Data Representation and Heterogeneity¶

A major issue in RPC is that different machine architectures represent data differently.

The Byte Order Problem (Endianness):

Little Endian: (e.g., Intel 486) Stores the least significant byte first.
Big Endian: (e.g., Sun SPARC) Stores the most significant byte first.
The Diagram illustrates that if you send 4 bytes representing an integer from a Little Endian machine to a Big Endian machine without conversion, the receiving machine will read the bytes backward, resulting in a completely incorrect number.

The Solution:

Agreement: The systems must agree on a standard format for basic data types.
Type Information: By knowing the procedure signature (e.g., foobar takes a char, a float, and an int array), the system can deduce which bytes belong to which parameter and apply the necessary conversions (marshalling) to ensure correct values are received.

Data Transmission Formats¶

To handle different data representations (like Big Endian vs. Little Endian) between machines, RPC systems typically use one of two strategies:

Canonical Form: All senders must convert their data into a standard "canonical" format (e.g., Network Byte Order) before sending. The receiver assumes this format.
- Pros: Receiver doesn't need to know the sender's type.
- Cons: Inefficient if both machines share the same native format (conversions happen unnecessarily).
Receiver-Makes-Right: The sender uses its own native format and tags the message (e.g., in the first byte) to indicate what that format is. The receiver checks the tag and only converts if necessary.

Dynamic Binding (The Binder)¶

Hardwiring server addresses into client code is fast but inflexible. RPC uses Dynamic Binding to solve this.

The Mechanism

Registration (Export): When a server starts up, it sends a message to a central program called a Binder to register its interface (name, version, unique ID, and handle).

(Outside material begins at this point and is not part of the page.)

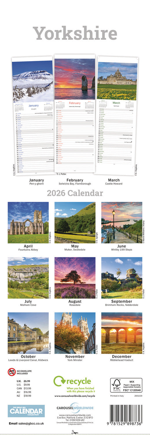 Yorkshire Slim Calendar 2026Regular price £6.99Regular priceUnit price / per£6.99Sale price £6.99

Lookup (Import): When a client calls a remote procedure for the first time, the client stub contacts the Binder to find a suitable server. The Binder checks for matching interfaces and returns the server's "handle" (address).

Pros and Cons

Advantages: High flexibility. It supports load balancing (Binder distributes clients randomly) and fault tolerance (Binder can deregister failing servers). Verify that both client and server are using the same version of interface
Disadvantages: Adds overhead (export/import time) and the Binder can become a performance bottleneck in large systems.

Handling RPC Failures¶

RPC systems face four distinct classes of failures that local systems do not.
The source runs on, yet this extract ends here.